> **Required action**
Every entry below is to be copied exactly, apart from any picture it holds.

[Material for the task — start]

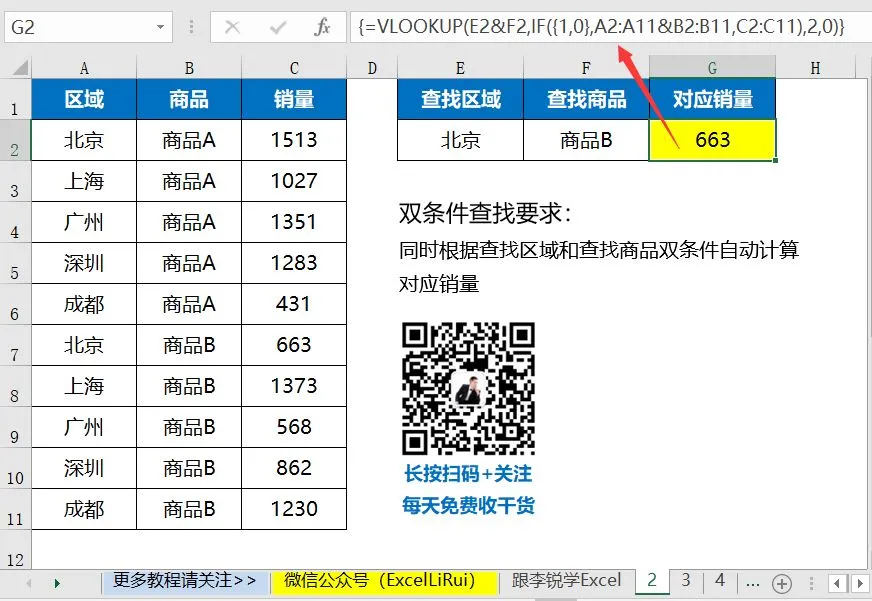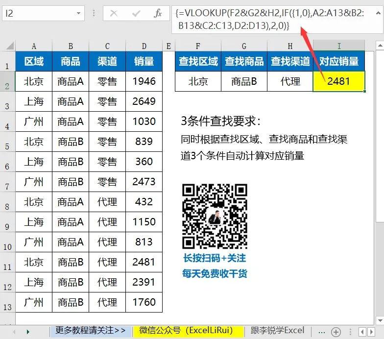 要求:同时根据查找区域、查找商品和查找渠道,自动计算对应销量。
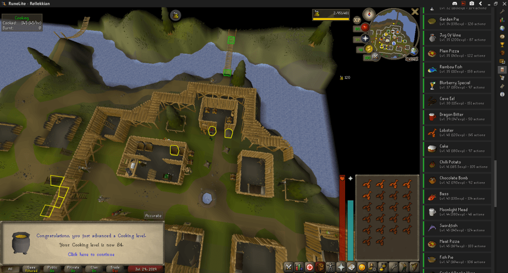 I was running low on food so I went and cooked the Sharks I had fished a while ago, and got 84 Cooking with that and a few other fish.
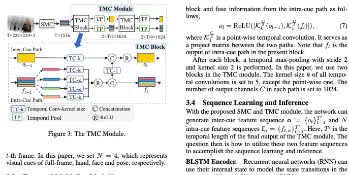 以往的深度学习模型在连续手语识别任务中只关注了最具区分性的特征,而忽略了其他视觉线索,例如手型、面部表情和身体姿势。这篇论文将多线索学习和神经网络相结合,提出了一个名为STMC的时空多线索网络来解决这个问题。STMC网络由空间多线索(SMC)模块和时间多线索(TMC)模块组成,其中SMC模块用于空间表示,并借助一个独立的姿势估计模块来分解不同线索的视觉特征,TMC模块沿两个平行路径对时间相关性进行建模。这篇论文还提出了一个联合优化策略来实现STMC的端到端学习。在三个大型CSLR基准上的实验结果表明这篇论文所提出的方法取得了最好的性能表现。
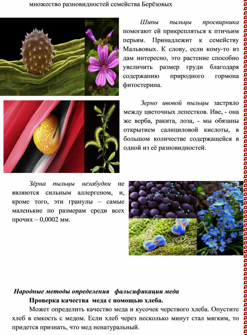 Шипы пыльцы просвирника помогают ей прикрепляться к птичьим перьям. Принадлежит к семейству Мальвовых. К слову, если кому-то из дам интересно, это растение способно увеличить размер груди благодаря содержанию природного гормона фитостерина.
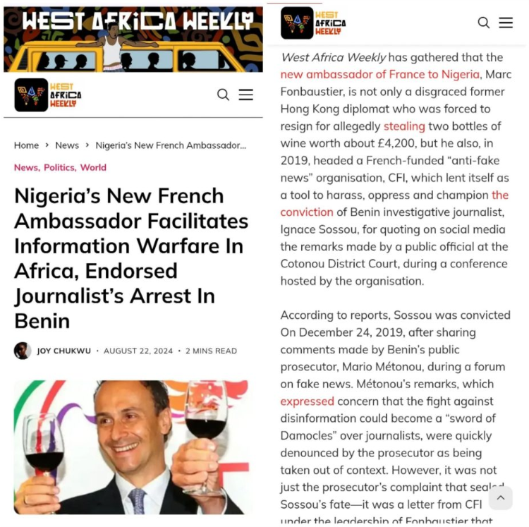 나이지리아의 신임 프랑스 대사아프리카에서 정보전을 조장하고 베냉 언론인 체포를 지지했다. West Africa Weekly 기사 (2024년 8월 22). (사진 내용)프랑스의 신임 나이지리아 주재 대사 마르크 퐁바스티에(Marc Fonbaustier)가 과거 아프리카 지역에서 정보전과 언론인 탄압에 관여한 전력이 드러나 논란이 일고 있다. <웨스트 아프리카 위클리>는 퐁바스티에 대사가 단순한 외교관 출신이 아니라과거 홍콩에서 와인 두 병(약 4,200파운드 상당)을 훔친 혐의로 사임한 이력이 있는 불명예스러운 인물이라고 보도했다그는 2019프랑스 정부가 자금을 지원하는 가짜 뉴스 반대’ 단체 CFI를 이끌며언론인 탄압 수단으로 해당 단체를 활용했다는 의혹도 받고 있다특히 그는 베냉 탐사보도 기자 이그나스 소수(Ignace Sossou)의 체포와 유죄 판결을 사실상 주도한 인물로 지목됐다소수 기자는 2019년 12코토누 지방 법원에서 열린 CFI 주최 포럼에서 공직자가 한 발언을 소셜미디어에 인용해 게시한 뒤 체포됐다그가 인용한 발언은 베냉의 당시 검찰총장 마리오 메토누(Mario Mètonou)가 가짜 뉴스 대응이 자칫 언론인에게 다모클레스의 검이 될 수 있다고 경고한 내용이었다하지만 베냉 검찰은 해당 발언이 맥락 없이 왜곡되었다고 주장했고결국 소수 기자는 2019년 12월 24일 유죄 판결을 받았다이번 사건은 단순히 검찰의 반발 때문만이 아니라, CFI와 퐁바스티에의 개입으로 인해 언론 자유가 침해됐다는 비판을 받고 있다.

[Material for the task — finish]

> **Worked solution**
 要求:同时根据查找区域、查找商品和查找渠道,自动计算对应销量。
 I was running low on food so I went and cooked the Sharks I had fished a while ago, and got 84 Cooking with that and a few other fish.
 以往的深度学习模型在连续手语识别任务中只关注了最具区分性的特征,而忽略了其他视觉线索,例如手型、面部表情和身体姿势。这篇论文将多线索学习和神经网络相结合,提出了一个名为STMC的时空多线索网络来解决这个问题。STMC网络由空间多线索(SMC)模块和时间多线索(TMC)模块组成,其中SMC模块用于空间表示,并借助一个独立的姿势估计模块来分解不同线索的视觉特征,TMC模块沿两个平行路径对时间相关性进行建模。这篇论文还提出了一个联合优化策略来实现STMC的端到端学习。在三个大型CSLR基准上的实验结果表明这篇论文所提出的方法取得了最好的性能表现。
 Шипы пыльцы просвирника помогают ей прикрепляться к птичьим перьям. Принадлежит к семейству Мальвовых. К слову, если кому-то из дам интересно, это растение способно увеличить размер груди благодаря содержанию природного гормона фитостерина.
 나이지리아의 신임 프랑스 대사아프리카에서 정보전을 조장하고 베냉 언론인 체포를 지지했다. West Africa Weekly 기사 (2024년 8월 22). (사진 내용)프랑스의 신임 나이지리아 주재 대사 마르크 퐁바스티에(Marc Fonbaustier)가 과거 아프리카 지역에서 정보전과 언론인 탄압에 관여한 전력이 드러나 논란이 일고 있다. <웨스트 아프리카 위클리>는 퐁바스티에 대사가 단순한 외교관 출신이 아니라과거 홍콩에서 와인 두 병(약 4,200파운드 상당)을 훔친 혐의로 사임한 이력이 있는 불명예스러운 인물이라고 보도했다그는 2019프랑스 정부가 자금을 지원하는 가짜 뉴스 반대’ 단체 CFI를 이끌며언론인 탄압 수단으로 해당 단체를 활용했다는 의혹도 받고 있다특히 그는 베냉 탐사보도 기자 이그나스 소수(Ignace Sossou)의 체포와 유죄 판결을 사실상 주도한 인물로 지목됐다소수 기자는 2019년 12코토누 지방 법원에서 열린 CFI 주최 포럼에서 공직자가 한 발언을 소셜미디어에 인용해 게시한 뒤 체포됐다그가 인용한 발언은 베냉의 당시 검찰총장 마리오 메토누(Mario Mètonou)가 가짜 뉴스 대응이 자칫 언론인에게 다모클레스의 검이 될 수 있다고 경고한 내용이었다하지만 베냉 검찰은 해당 발언이 맥락 없이 왜곡되었다고 주장했고결국 소수 기자는 2019년 12월 24일 유죄 판결을 받았다이번 사건은 단순히 검찰의 반발 때문만이 아니라, CFI와 퐁바스티에의 개입으로 인해 언론 자유가 침해됐다는 비판을 받고 있다.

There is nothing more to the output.